Cumhurbaşkanlığı’nın başkanlığını yürüttüğü İslam İşbirliği
Teşkilatı (İİT) Ekonomik ve Ticari İşbirliği Daimi Komitesi
(İSEDAK) toplantılarında alınan kararların izlenmesi ile yükümlü
İSEDAK İzleme Komitesinin 29. Toplantısı, Ankara Sheraton Oteli’nde
gerçekleştirildi.
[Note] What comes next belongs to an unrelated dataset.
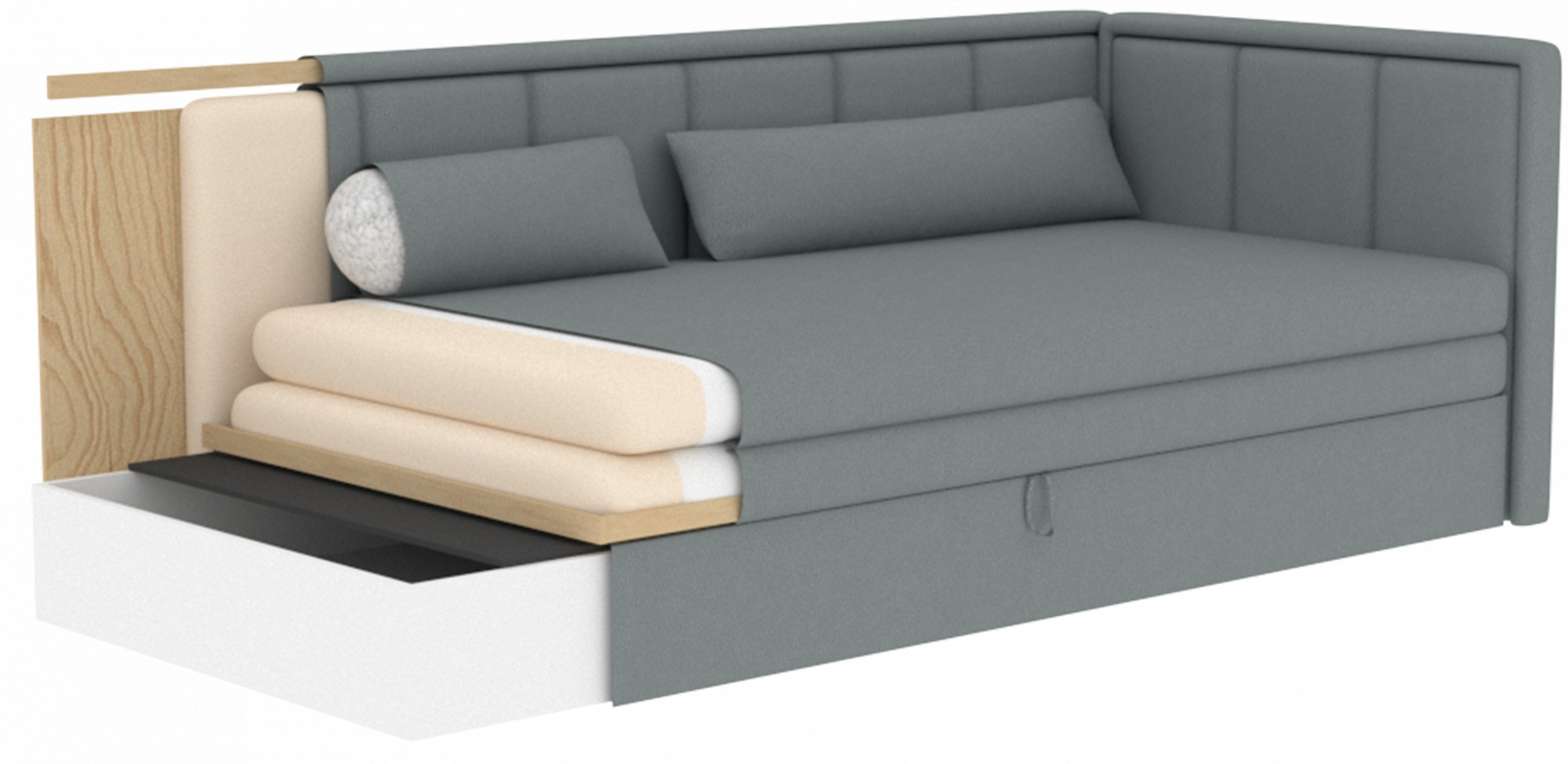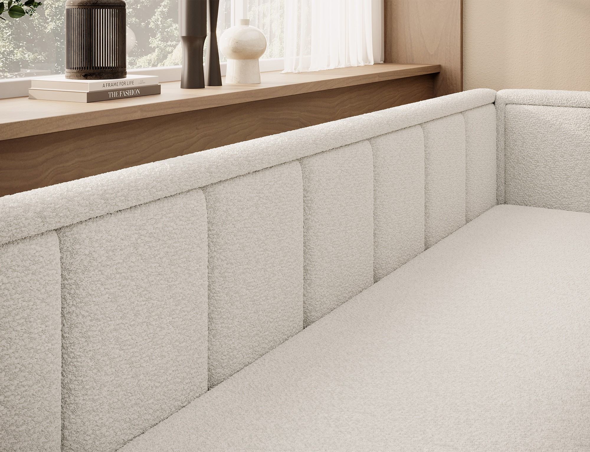 The Fulgeo sofa bed is a solution designed for the demanding, modern user. It offers not only a minimalist and aesthetically pleasing shape but also a functional folding system that allows you to quickly and efficiently transform it into a comfortable bed. This option is perfect for a studio apartment, a living room with a kitchenette, or a youth room. The seat is filled with T2540 polyurethane foam, while the backrest contains T2130 polyurethane foam. It features an easy-to-use sleeping function and a spacious storage compartment for bedding. The lower storage space helps keep textiles organized, making the bed-making process exceptionally smooth. The Fulgeo model is upholstered in an elegant velour fabric with a subtle woven texture that gently shimmers under the light. This material not only boasts a beautiful appearance but also offers high resistance to friction, abrasion, and pilling. Additionally, it does not fade when exposed to light, ensuring that you can enjoy its flawless charm on your new furniture for years to come!

Kalkınma Bakan Cevdet Yılmaz’ın başkanlığını
yürüttüğü toplantıya, İİT üyesi 12 ülkeden ve İİT’ye bağlı
uluslararası kuruluşlardan toplam 82 delege katıldı. İSEDAK İzleme
Komitesi 29. Toplantısı, Kur’an-ı Kerim okunması ile başladı.
Cumhurbaşkanı Abdullah Gül ve İslam İşbirliği Teşkilatı Genel
Sekreteri Prof. Dr. Ekmelettin İhsanoğlu’nun mesajlarının
okunmasının ardından Kalkınma Bakanı Cevdet Yılmaz açılış konuşması
yaptı.
Cumhurbaşkanı Abdullah Gül, mesajında, İSEDAK’ın 2009 yılında
yapılan Ekonomi Zirvesi’nde yeni bir strateji hazırlanmasına karar
verdiğini ve hazırlanan stratejinin uygulamaya dönük iki önemli
mekanizma öngördüğünü, bunların Çalışma Grupları ve Proje Finansman
Mekanizması olduğunu bildirdi. Gül, mesajında, Çalışma Gruplarının
faaliyete başlamış olmalarından büyük memnuniyet duyduğunu,
Ulaştırma ve Turizm Çalışma Gruplarının ilk toplantılarını esasen
gerçekleştirmiş olduklarını ifade ederek, üye ülkelerden tüm
sektörlerdeki Çalışma Gruplarına etkin katılım sağlamalarını talep
etti.
İİT Genel Sekreteri Prof. Dr. Ekmelettin İhsanoğlu da, mesajında,
İSEDAK toplantısının sadece İSEDAK kararlarının uygulanması
imkanını sağlamadığını aynı zamanda yapıcı bir şekilde, İİT’nin
amiral gemisi olan "İslam İşbirliği Teşkilatı Tercihli Ticaret
Sistemi" (TPSOIC), Fakirliğin Ortadan Kaldırılması, Turizm ve Özel
Sektörün geliştirilmesi alanlarında izlenecek yolu gösterdiğini de
vurguladı.
TÜRKİYE IMF’DEN BORÇ ALAN DEĞİL IMF’YE KAYNAK KULLANDIRAN BİR ÜLKE
HALİNE GELDİ
Kalkınma Bakanı Cevdet Yılmaz da toplantının açılışında yaptığı
konuşmasında, İSEDAK Stratejisinin işlevsel hale getirilmesi
amacıyla iki önemli mekanizma öngörüldüğünü, bunlardan ilkinin her
bir işbirliği alanında yılda iki kez üye ülke uzmanlarını bir araya
getirecek çalışma grupları olduğunu, Ulaştırma Çalışma Grubu 1.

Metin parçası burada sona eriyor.